_Task to complete_: Could you transcribe each entry below exactly, minus the images?

_The input_:

::::

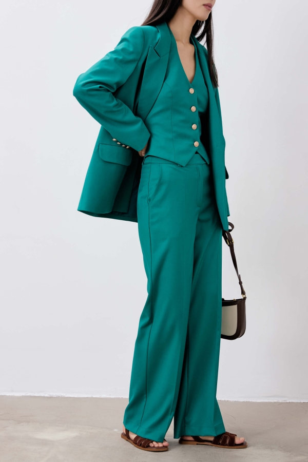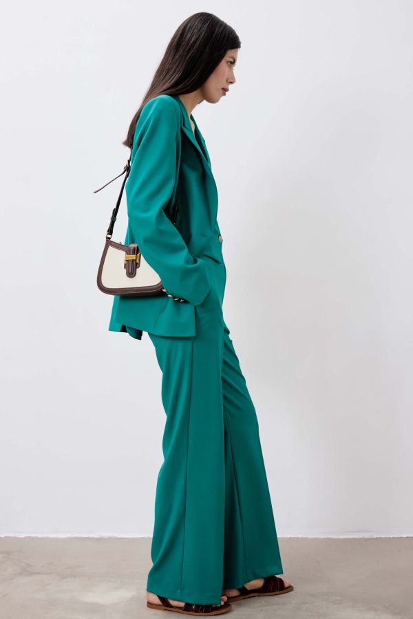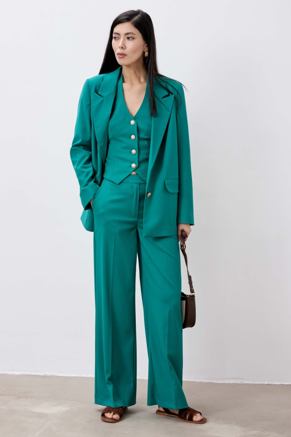 Брюки свободного силуэта благородного оттенка. Средняя посадка на притачном поясе со шлевками. По переду карманы. Застежка гульфик на хлястик с пуговицей и потайной пуговицей.
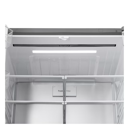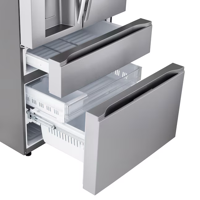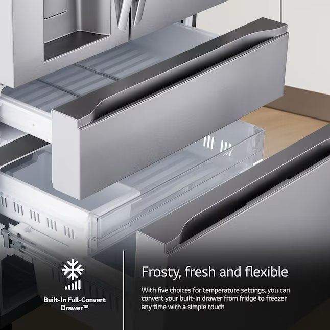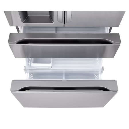 Este refrigerador MAX™ de profundidad estándar de 4 puertas no solo le brinda espacio: aporta un nuevo nivel de organización, flexibilidad y estilo a su cocina. Las elegantes puertas de panel plano con diseño de doble manija para una fácil apertura añaden una sensación de primera calidad. Un diseño de puerta resistente a los portazos permite que las puertas del refrigerador se cierren suave y silenciosamente. Las puertas francesas en la parte superior ofrecen fácil acceso a los alimentos frescos, mientras que los cajones dobles debajo significan que ya no tendrá que hurgar entre pilas de productos congelados. El versátil Full-Convert Drawer™ se convierte de refrigerador a congelador con solo un toque, con 5 configuraciones de temperatura para un almacenamiento óptimo de una variedad de productos frescos o congelados.
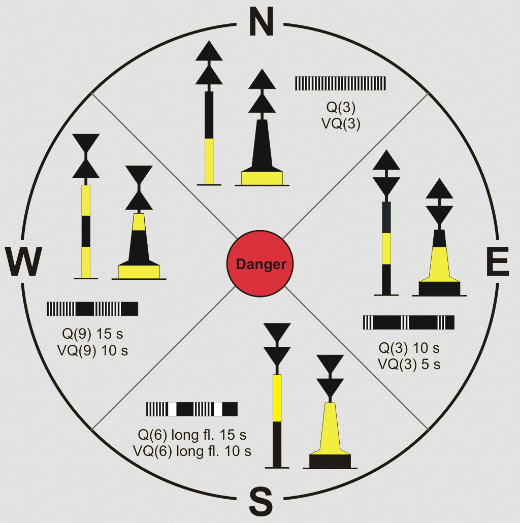 De zes verschillende bakens van het cardinale stelsel kennen elk slechts
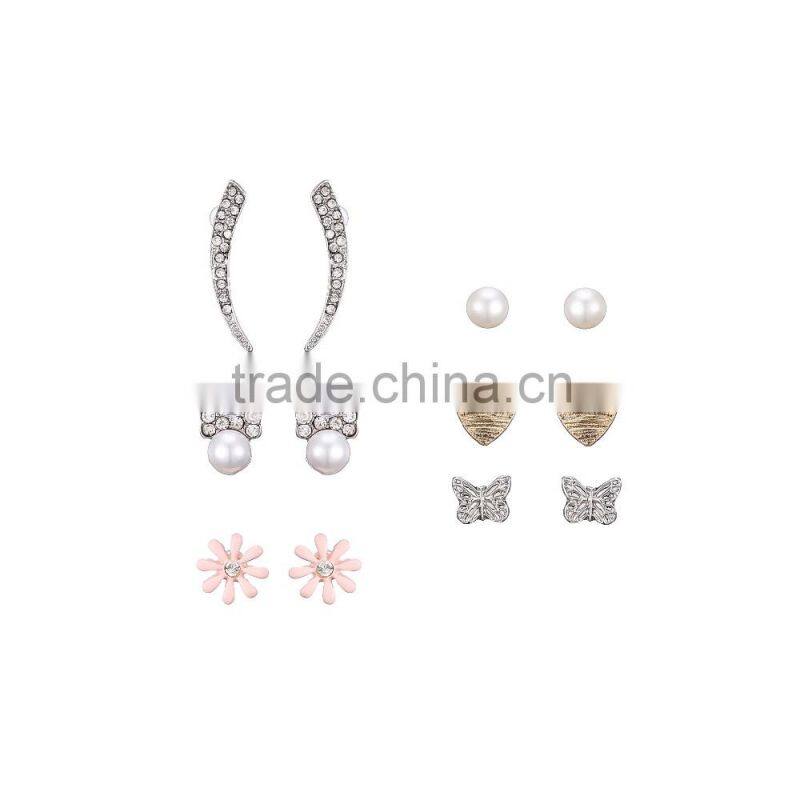 Enamel Flower Rhinestone Horn Brushed Gold Heart Silver Butterfly Pearl Lucky Bow Stud Earrings Set for Lovely Girl
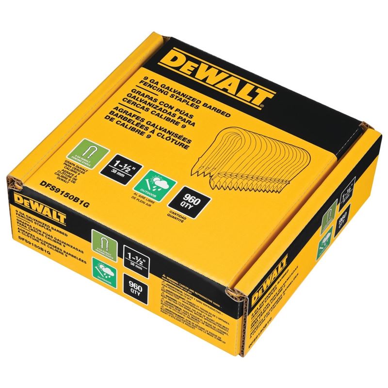 The DEWALT 9 GA Fencing Staples are designed for use with the DCFS950 cordless fencing stapler. Featuring divergent point tips, single barb legs paired with an adhesive coating, a galvanized zinc-aluminum coating, and are available in three common sizes of 1-1/2in, 1-3/4in, 2in to handle a wide variety of rural applications. With these staples you can get the job done quickly and be confident they will stand tough against the elements long after the job is done.
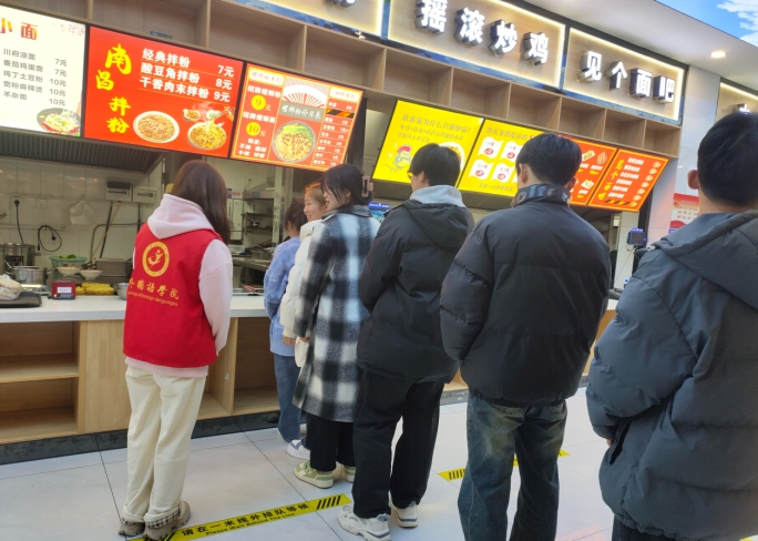 活动过程中,志愿者们分为三组开展活动,第一组志愿者在排队区域提醒同学们有序排队,第二组志愿者在就餐区提醒各位同学饭后清理餐桌,将碗筷及时送至回收处,第三组志愿者在碗筷回收处帮助工作人员整理碗筷。各位志愿者互相配合,齐心协力引导各位同学文明就餐,节约粮食,努力倡导文明新风尚。
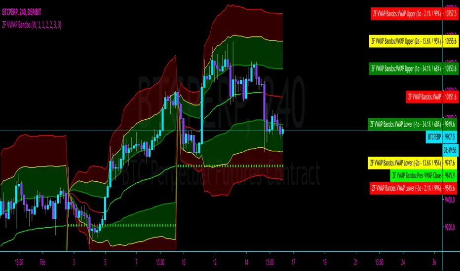 Updated Colors based on Standard Deviations, Deviation Labels/Percentages, and fixed "Previous VWAP Close" Plot.Green = 1σ = 34.1%
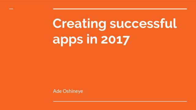 2017’s successful apps are transformative front-ends to services that seamlessly use machine learning. In this talk at Google's Developer Day for Agencies ( #gdda2016 ) I explore some ideas that agencies will have to understand in order to be successful app developers in the years to come.

::::

_Answer to this problem_:
 Брюки свободного силуэта благородного оттенка. Средняя посадка на притачном поясе со шлевками. По переду карманы. Застежка гульфик на хлястик с пуговицей и потайной пуговицей.
 Este refrigerador MAX™ de profundidad estándar de 4 puertas no solo le brinda espacio: aporta un nuevo nivel de organización, flexibilidad y estilo a su cocina. Las elegantes puertas de panel plano con diseño de doble manija para una fácil apertura añaden una sensación de primera calidad. Un diseño de puerta resistente a los portazos permite que las puertas del refrigerador se cierren suave y silenciosamente. Las puertas francesas en la parte superior ofrecen fácil acceso a los alimentos frescos, mientras que los cajones dobles debajo significan que ya no tendrá que hurgar entre pilas de productos congelados. El versátil Full-Convert Drawer™ se convierte de refrigerador a congelador con solo un toque, con 5 configuraciones de temperatura para un almacenamiento óptimo de una variedad de productos frescos o congelados.
 De zes verschillende bakens van het cardinale stelsel kennen elk slechts
 Enamel Flower Rhinestone Horn Brushed Gold Heart Silver Butterfly Pearl Lucky Bow Stud Earrings Set for Lovely Girl
 The DEWALT 9 GA Fencing Staples are designed for use with the DCFS950 cordless fencing stapler. Featuring divergent point tips, single barb legs paired with an adhesive coating, a galvanized zinc-aluminum coating, and are available in three common sizes of 1-1/2in, 1-3/4in, 2in to handle a wide variety of rural applications. With these staples you can get the job done quickly and be confident they will stand tough against the elements long after the job is done.
 活动过程中,志愿者们分为三组开展活动,第一组志愿者在排队区域提醒同学们有序排队,第二组志愿者在就餐区提醒各位同学饭后清理餐桌,将碗筷及时送至回收处,第三组志愿者在碗筷回收处帮助工作人员整理碗筷。各位志愿者互相配合,齐心协力引导各位同学文明就餐,节约粮食,努力倡导文明新风尚。
 Updated Colors based on Standard Deviations, Deviation Labels/Percentages, and fixed "Previous VWAP Close" Plot.Green = 1σ = 34.1%
 2017’s successful apps are transformative front-ends to services that seamlessly use machine learning. In this talk at Google's Developer Day for Agencies ( #gdda2016 ) I explore some ideas that agencies will have to understand in order to be successful app developers in the years to come.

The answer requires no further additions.